Mesenchymal stem cells (MSCs) are pluripotent cells that differentiate into a variety of cells, including cardiomyocytes and endothelial cells. However, little information is available regarding the therapeutic potency of systemically delivered MSCs for myocardial infarction. Accordingly, we investigated whether intravenously transplanted MSCs induce angiogenesis and myogenesis and improve cardiac function in rats with acute myocardial infarction. MSCs were isolated from bone marrow aspirates of isogenic adult rats and expanded ex vivo. At 3 h after coronary ligation, 5 × 106 MSCs (MSC group, n = 12) or vehicle (control group, n = 12) was intravenously administered to Lewis rats. Transplanted MSCs were preferentially attracted to the infarcted, but not the noninfarcted, myocardium. The engrafted MSCs were positive for cardiac markers: desmin, cardiac troponin T, and connexin43. On the other hand, some of the transplanted MSCs were positive for von Willebrand factor and formed vascular structures.
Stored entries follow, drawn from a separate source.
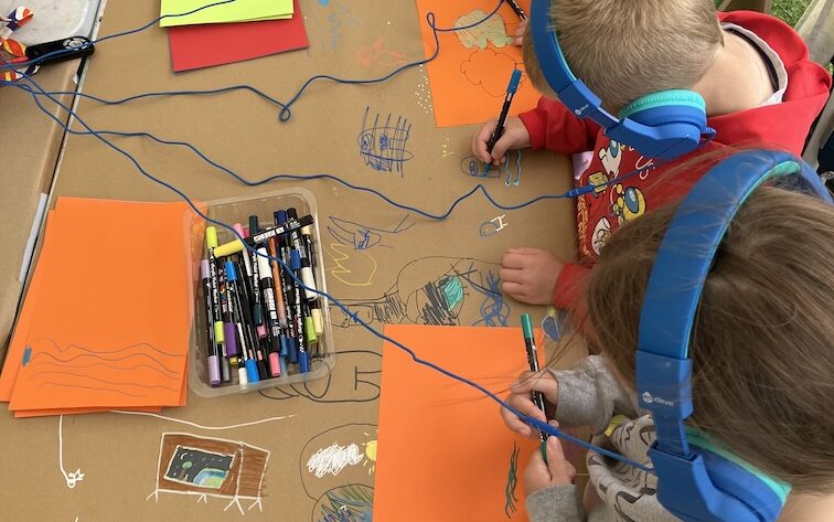 Sound and music workshops engaged school pupils and youth groups in learning field recording techniques and exploring their surroundings to capture keynotes and soundmarks, which are sounds that define the acoustic character of the Uists, from wind and waves to distinctive local details. These recordings became integral to the electronic textures and soundscape components of Tidelines, contributing layers of texture and atmosphere to the work.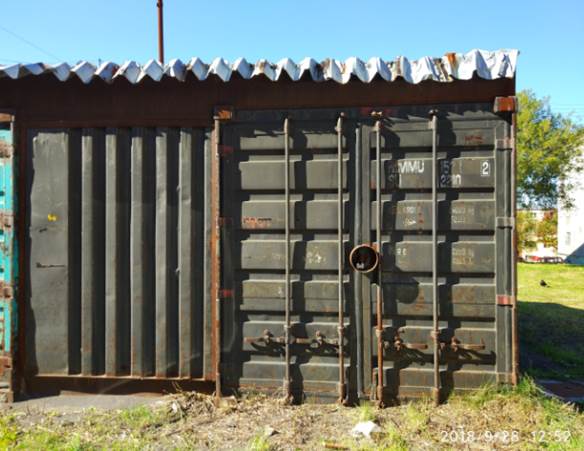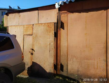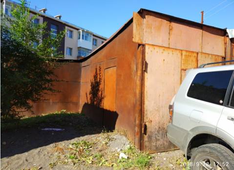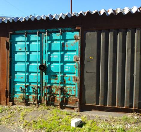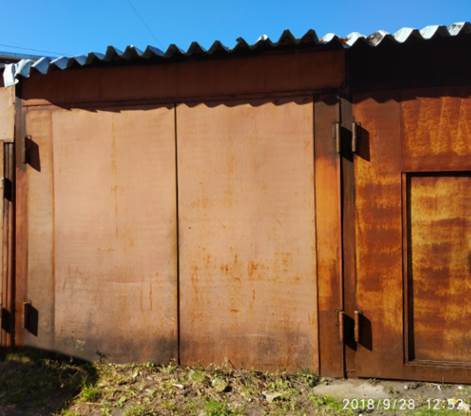 снимок № 5 – объект, не являющийся объектом капитального строительства, коричневого цвета, покрасочный слой местами поврежден, крыша плоская, шифер серого цвета, без регистрационного номера, свободный доступ внутрь объекта отсутствует, имеются следы ржавчины, навесные замки и антивандальные механизмы отсутствуют;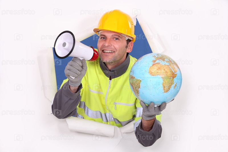 Строитель с громкоговорителем и глобусом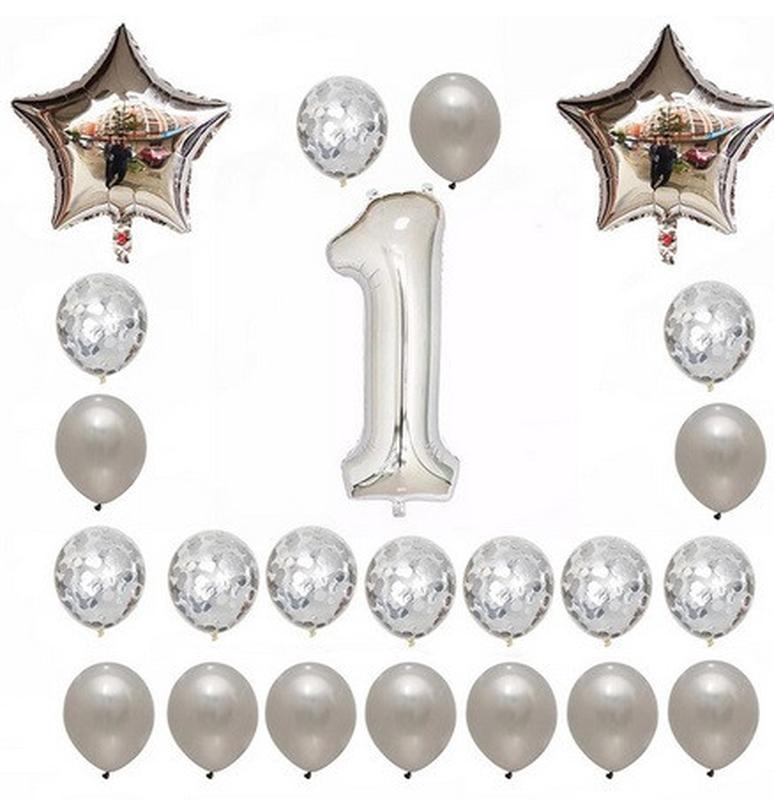 Комплектация: - Фольгированная цифра 70см серебро (любая на Ваш выбор) - Звезда 45 см 2 шт серебро - Латексные шарики 30 см 10 шт серебро - Латексные шарики 30 см 10 шт прозрачные с конфетти серебро Буквы можно надувать только воздухом, остальные шары подходят под воздух и гелий. Любой цвет шаров можно заменить на другой, имеющийся в наличии! Пожелания указывайте в комментарии к заказу!

Capillary density was markedly increased after MSC transplantation. Cardiac infarct size was significantly smaller in the MSC than in the control group (24 ± 2 vs. 33 ± 2%, P < 0.05). MSC transplantation decreased left ventricular end-diastolic pressure and increased left ventricular maximum dP/dt (both P < 0.05 vs. control). These results suggest that intravenous administration of MSCs improves cardiac function after acute myocardial infarction through enhancement of angiogenesis and myogenesis in the ischemic myocardium.
- left ventricular end-diastolic pressure
- cell transplantation
interruption of myocardial blood flow leads to cardiomyocyte death (20). Although myocyte mitosis and the presence of cardiac precursor cells in adult hearts have recently been reported (6, 17), death of large numbers of cardiomyocytes results in the development of heart failure (16). Thus it would be desirable to induce angiogenesis and myogenesis for the treatment of ischemic heart disease.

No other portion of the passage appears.